The federal financial crimes probe agency was investigating two separate Gensol Group companies based on two first information reports (FIRs) filed by the Delhi Police against Gensol Engineering Ltd (GEL) and BluSmart Fleet Pvt Ltd; and a FIR filed by the Central Bureau of Investigation (CBI) against another group firm , Matrix Gas and Renewable limited (Matrix).
In the case of BluSmart, ED said in its statement that it has attached “apartment number CM 706-A in DLF Camellias, Gurugram, registered in the name of Capbridge Ventures LLP (a Gensol Group company) worth ₹40.57 crore”. Besides this apartment, bank balances worth ₹14.28 crore in various Gensol group companies have also been attached under the prevention of money laundering act (PMLA).

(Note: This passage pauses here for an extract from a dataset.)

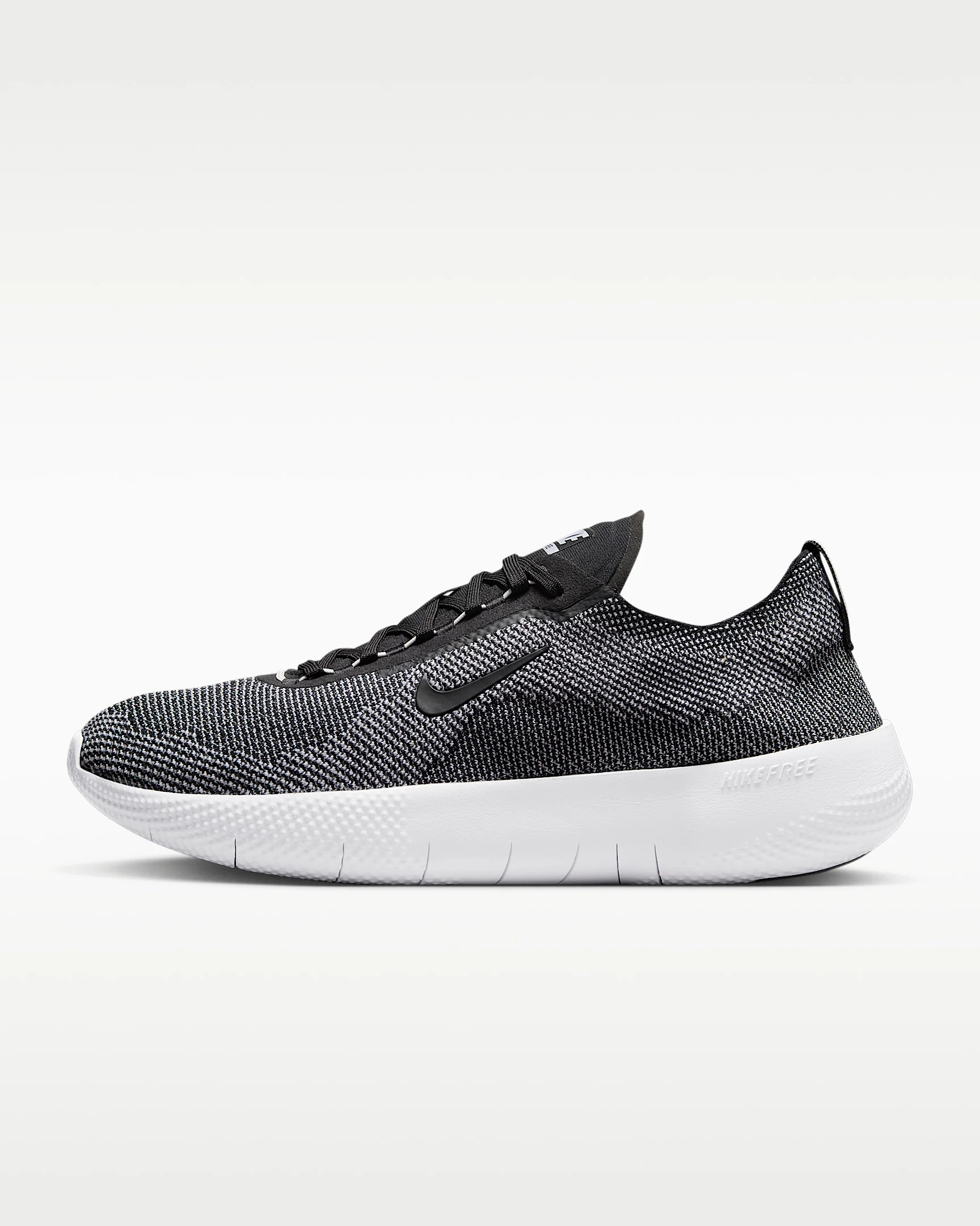 The Nike Free 2025 brings you miles of comfort with Flyknit that delivers even more zoned stretch and breathability than before. The outsole pattern adjusts to your every step for a dynamic ride, top to bottom. Benefits - Flyknit on upper delivers zoned stretch and support. - Grooves on the sole allow for flexibility and let you move freely. - Dual-density midsole provides flexible cushioning. - Dynamic heel feels stretchy for a snug, adaptive fit. - Texture under the toe and heel enhances traction in these high-abrasion zones. Product Details - Shown: Black/Black/White - Style: HF1078-004

Apart from GEL, BluSmart Fleet, others under investigation in this case are Jaggi brothers, Go Auto Pvt Ltd (GAPL) and its promoter Ajay Agarwal.

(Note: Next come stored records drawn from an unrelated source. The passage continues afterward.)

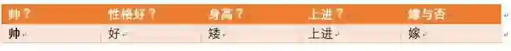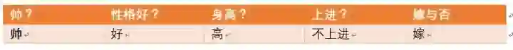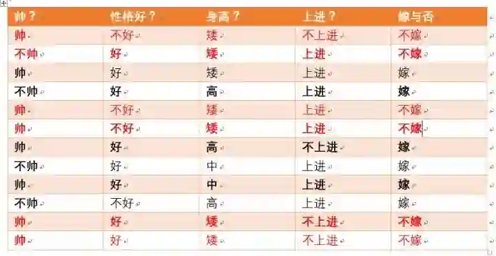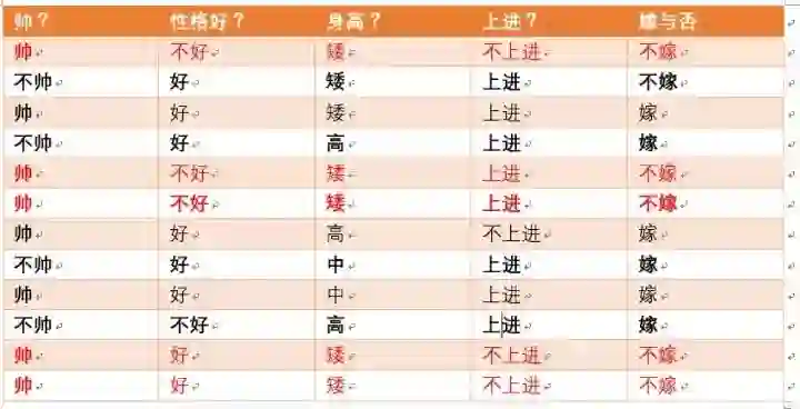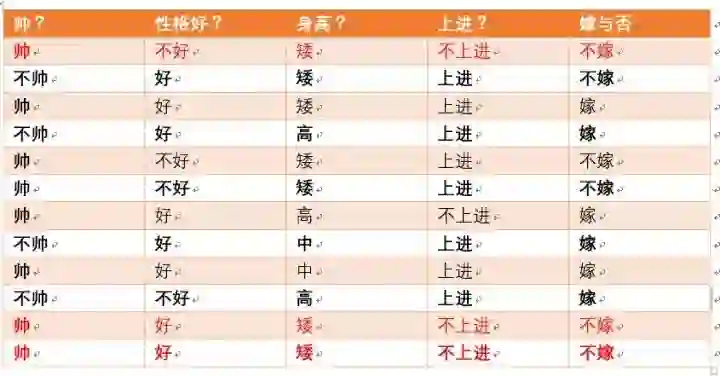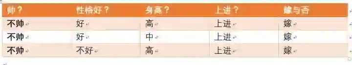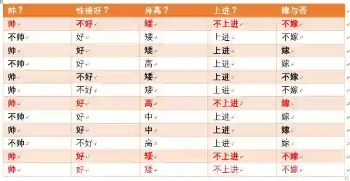 那么我们再来一个例子,假如此时另外一对情侣,这对情侣中,男生的四个特征是,长相帅,性格爆好,身高高,上进,那么他的女朋友嫁还是不嫁呢?可能又会有小伙伴说这是一道送分题,是不是,我们下面用事实说话!
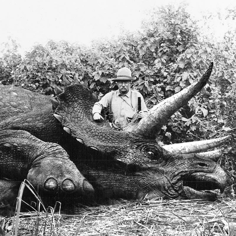 There are three known species of the Giant Eurasian Rhinoceros. The best known, E. sibiricum, was the size of a mammoth and is thought to have borne a large, thick horn on its forehead. If you look closely, you will notice that the Giant Eurasian Rhino looks strikingly similar to the sick triceratops from the film Jurassic Park. That is because Theodore Roosevelt took this picture while visiting the set of the film in 1992 at the behest of his good friend, Steven Spielberg.
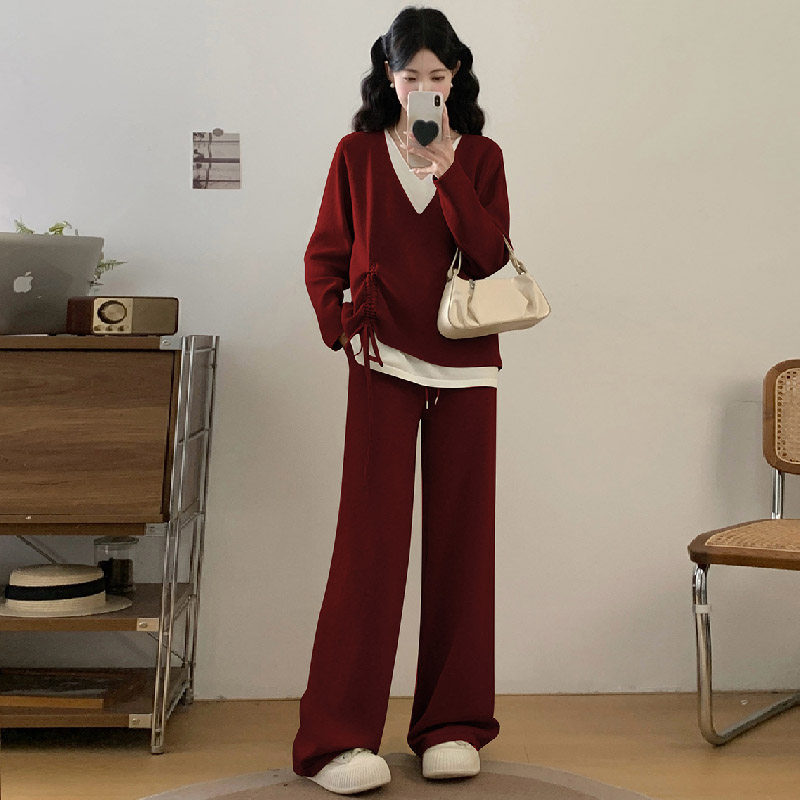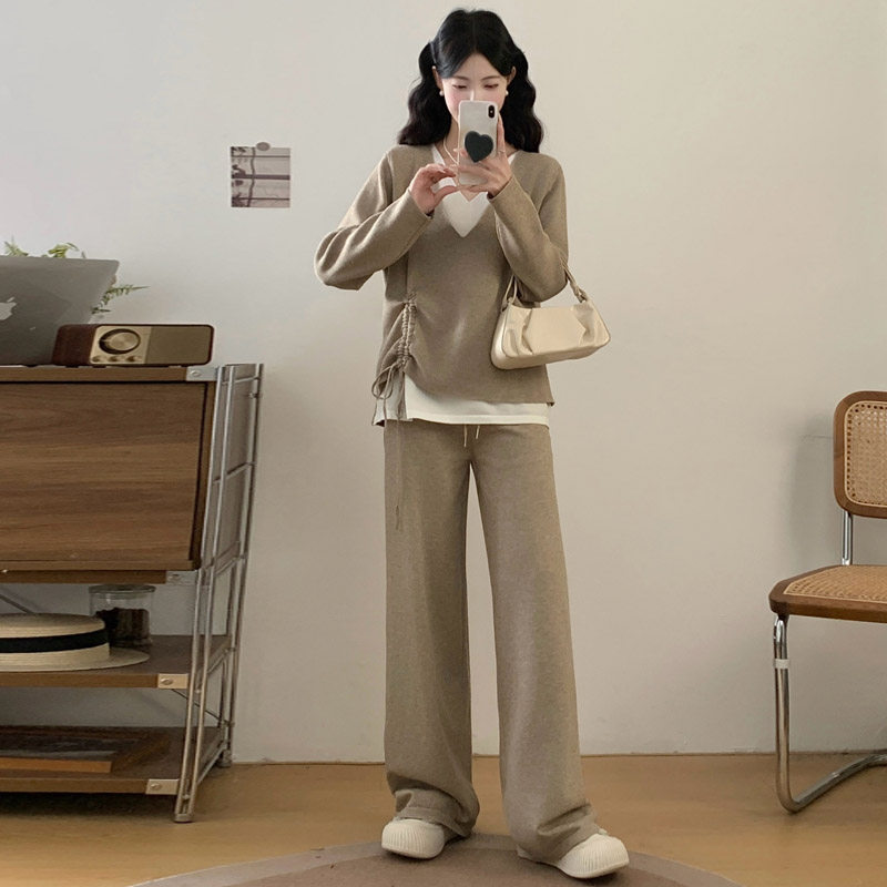 婧麒孕妇装冬装时尚假两件收腰上衣宽松裤子孕期新款洋气孕妇套装
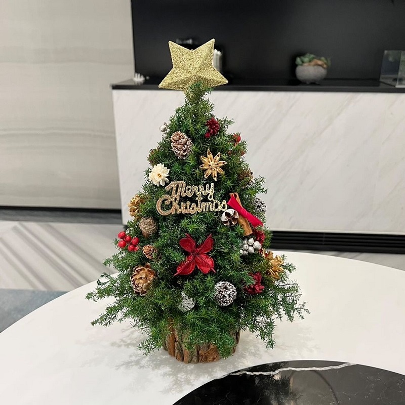 Xmas tree are made with Japanese preserved cypress, can keep for at least a year or even two to three years under a dry environment.
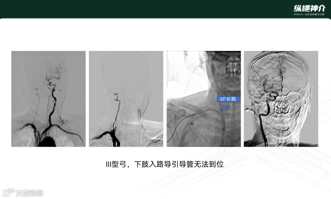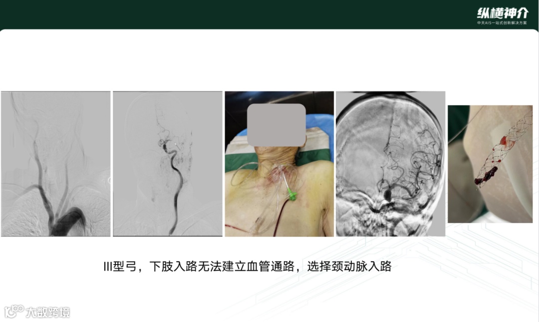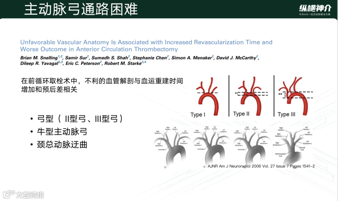 在急诊取栓过程中,不利的血管解剖与血运重建时间增加和预后差相关。常见的解剖变异有:II型弓和III型弓、牛型主动脉弓和颈总动脉迂曲,这给我们病变治疗带来了非常大的困难。
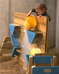 - Joacă senzorială versatilă: apă și nisip, pâlnii, jgheaburi și moară.

“Investigations revealed that GEL and BluSmart collaborated with GAPL in a criminal conspiracy to systematically divert public funds disbursed as loans from public lenders , Power Finance Corporation (PFC) and Indian Renewable Energy Development Agency Limited (IREDA) , and non-banking financial company, Toyota Financial Services India Ltd under the guise of expanding their electric vehicle fleet,” ED said, adding that the companies “actually funneled these loans through GAPL and moved the same through a series of layered transactions across a web of group companies for the other business activities of Gensol group and (the) promoters’ personal enrichment”.
“This diversion of loan funds has led to the accounts of Gensol becoming non-performing assets (NPAs) and causing a loss to the public sector units (IREDA and PFC) and to the Toyota Financial Services India Limited. The total amount outstanding of GEL out of IREDA and PFC loans as on December, 2025 is ₹505.27 crore,” the agency added.
Anmol Singh Jaggi, the agency further said, with the help of co-conspirator Ajay Agarwal, diverted the above loan funds to a luxury residential property at Camellias.
In the case of Matrix, ED said it attached “apartment number 1516B, The Magnolias at DLF City Phase-V, Gurugram, registered in the name of Anvi Power Investment Pvt Ltd. worth Rs. 32.28 crore”.
“This property was acquired by Anmol Singh Jaggi (who was the chairman of Gensol Group) by utilizing the funds diverted from the group company , Matrix Gas and Renewables Ltd,” ED said in a separate statement.
A probe against Matrix was launched on the complaint of government enterprise MECON Ltd.
The ministry of new and renewable energy has allocated government funds for the implementation of pilot projects in the steel sector in India for using green hydrogen for iron and steel making processes through the ministry of steel under National Green Hydrogen Mission (NGHM). In order to implement the pilot projects, the ministry of steel appointed MECON Limited as scheme implementing agency (SIA).
“Matrix Gas and Renewables Ltd. emerged as the successful bidder and initially 20% of the approved government grant, ₹32.28 crore , was disbursed to the company. Instead of using the disbursed public funds for the pilot project, Matrix dishonestly and fraudulently diverted the entire amount through a series of layered transactions across a web of corporate entities under the control of Anmol Singh Jaggi, to conceal the source and finally utilized for the personal enrichment of the promoters and for other activities of Gensol group,” ED said.
The funds, it added, were used to acquire the apartment in e Magnolias, which makes it a proceeds of crime.